I've copied a couple of files out of `../vigenere/target/criterion/data/` 

- `32early.cbor`, which is the timing run of `vigenere/benches/key_abc32.rs` using the key `012345a`
- `32late.cbor`,  which is the timing run of `vigenere/benches/key_abc32.rs` using the key `tuvwxyz`

Now I need to figure out how to handle them.

Having run `python -m cbor2.tood -p 32early.cbor` on the command line, I see that what I will need to run a t-test is the list of times (in pico seconds?) in the `avg_values` list.

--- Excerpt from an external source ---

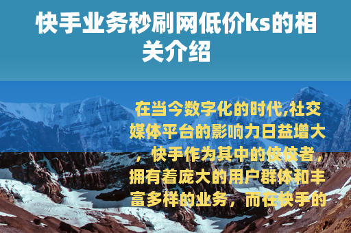 在当今数字化的时代,社交媒体平台的影响力日益增大,快手作为其中的佼佼者,拥有着庞大的用户群体和丰富多样的业务,而在快手的众多业务中,有一种现象备受关注,那就是快手业务秒刷网低价ks。
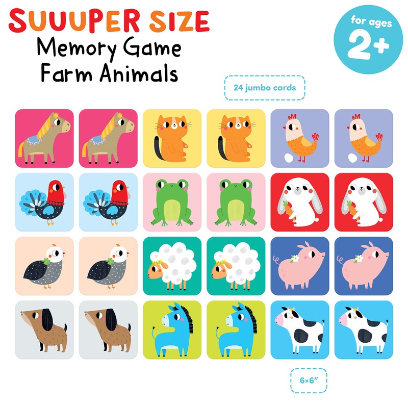 Banana Panda Suuuper Size Memory Game - Farm Animals - Classic Toddler Game Includes 24 Extra-Large Cards - Play Matching Games or Use as Flashcards, for Toddlers and Little Kids Ages 2-4 Years

Ok. Time to read the cbor2 docs

I've never tried to read files from a notebook. I hope that file PATH's make sense

In [41]:
EARLY_PATH = './32early.cbor'
LATE_PATH = './32late.cbor'



In [61]:
class Comparison:
    def __init__(self, file1: str, file2: str, alternative="two-tailed"):
        valid_alternatives = ["two-tailed", "less", "greater"]
        if alternative not in valid_alternatives:
            raise ValueError(f'alternative must be one of {valid_alternatives}')
        
        self.alt = alternative # will pass to t-test

        with open(file1, "rb") as f:
            f1_data = cbor2.decoder.load(f)

        with open(file2, "rb") as f:
            f2_data = cbor2.decoder.load(f)

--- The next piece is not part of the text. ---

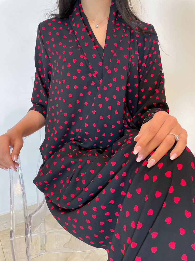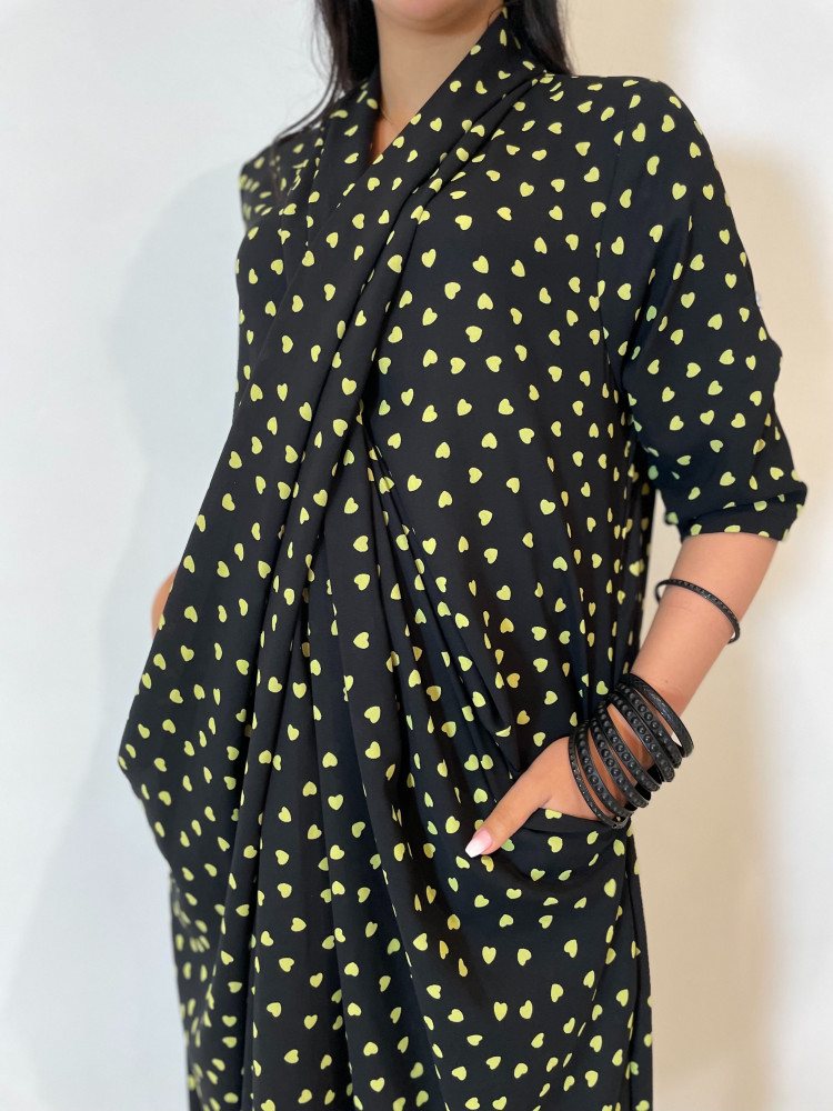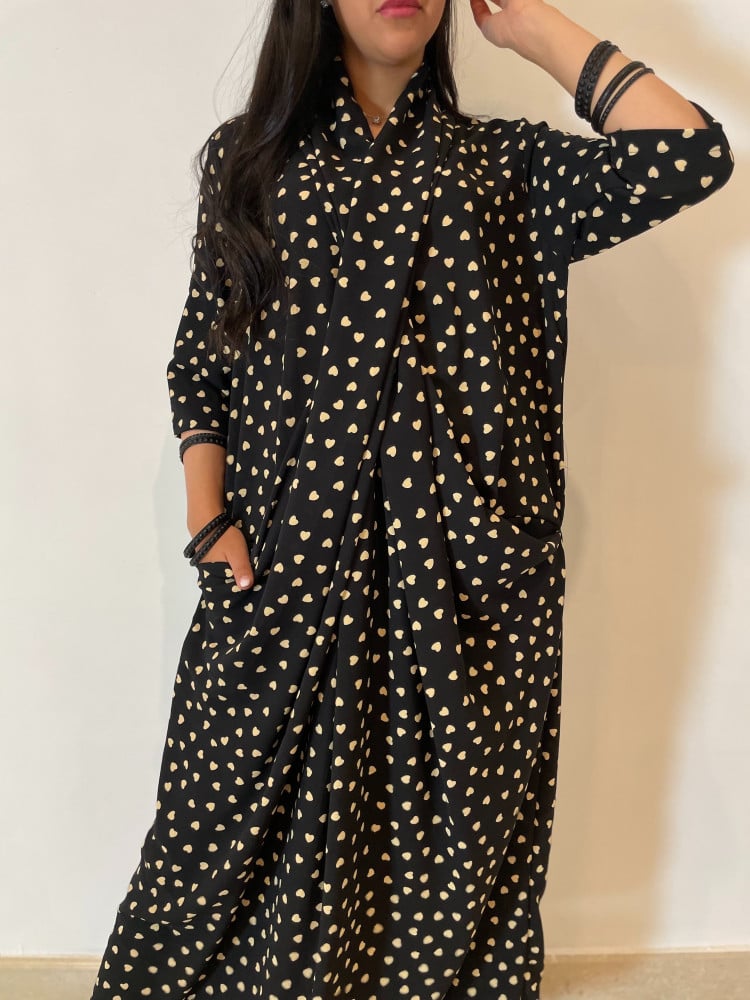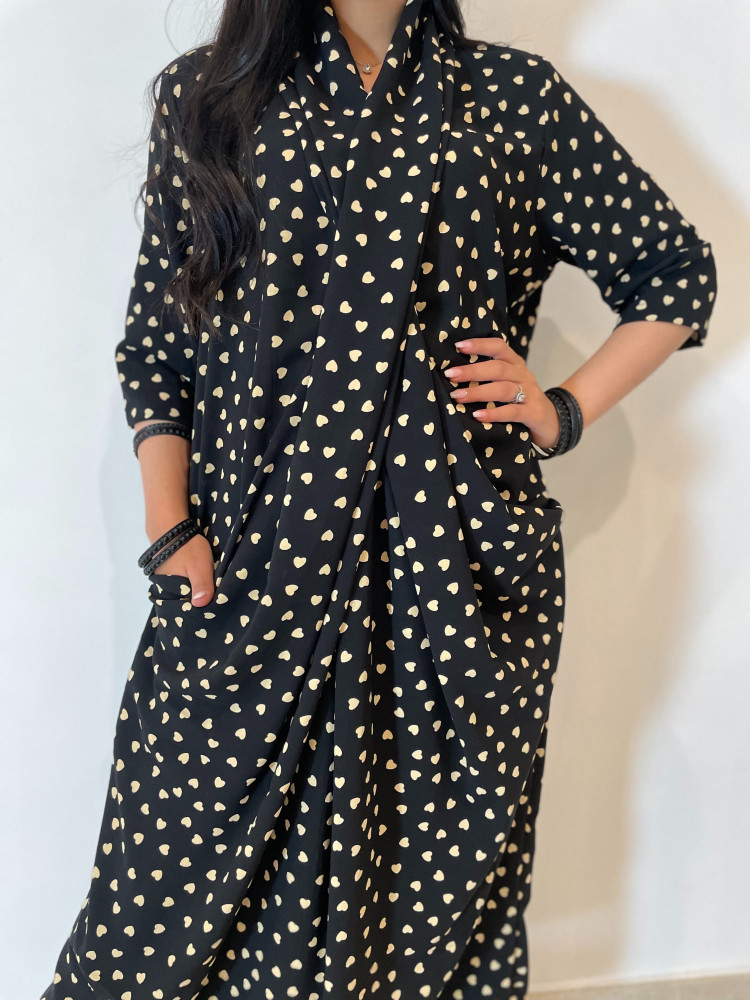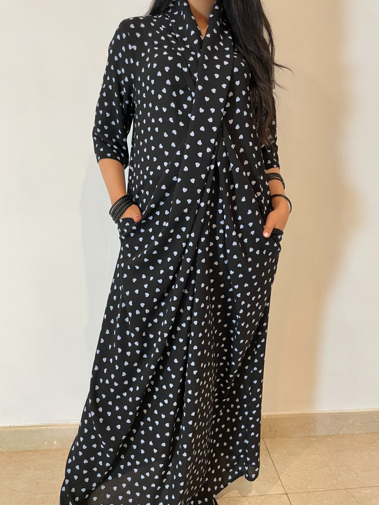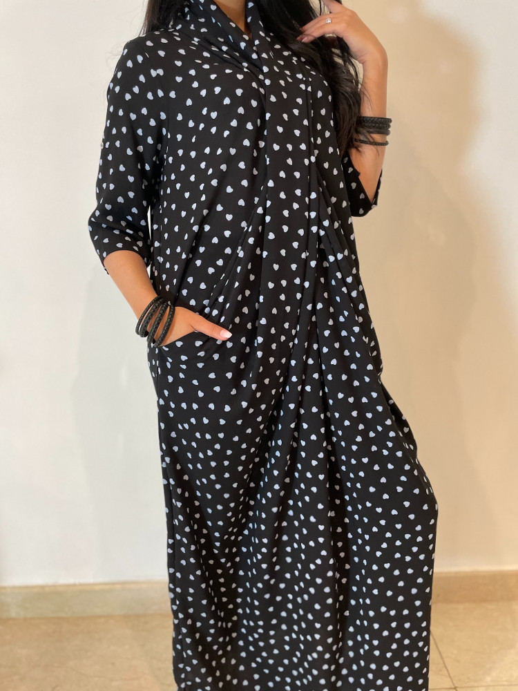 ثويب لف بيج منقط باللون الأسود و بإضافة فراشة رقيقة

        # Check whether these can be treated as related samples
        self.related: bool
        if f1_data["iterations"] == f2_data["iterations"]:
            self.related = True
        else:
            self.related = False

        self.f1_mean = f1_data["estimates"]["mean"]
        self.f2_main = f2_data["estimates"]["mean"]

        self.f1_values: list[float]
        self.f2_values: list[float]
        if self.related:
            self.f1_values = f1_data["values"]
            self.f2_values = f2_data["values"]
        else:
            self.f1_values = f1_data["avg_values"]
            self.f2_values = f2_data["avg_values"]

    def ttest(self) -> tuple[float, float]:
        t: float
        p: float
        if self.related:
            (t, p) = scipy.stats.ttest_rel(self.f1_values,
                                self.f2_values,
                                alternative=self.alt)
        else:
            (t, p) = scipy.stats.ttest_ind(self.f1_values,
                                self.f2_values,
                                alternative=self.alt)

        return t, p



In [62]:
comp32 = Comparison(EARLY_PATH, LATE_PATH, alternative="less")

In [63]:
comp32.ttest()

(-0.444293599052737, 0.3289000124091078)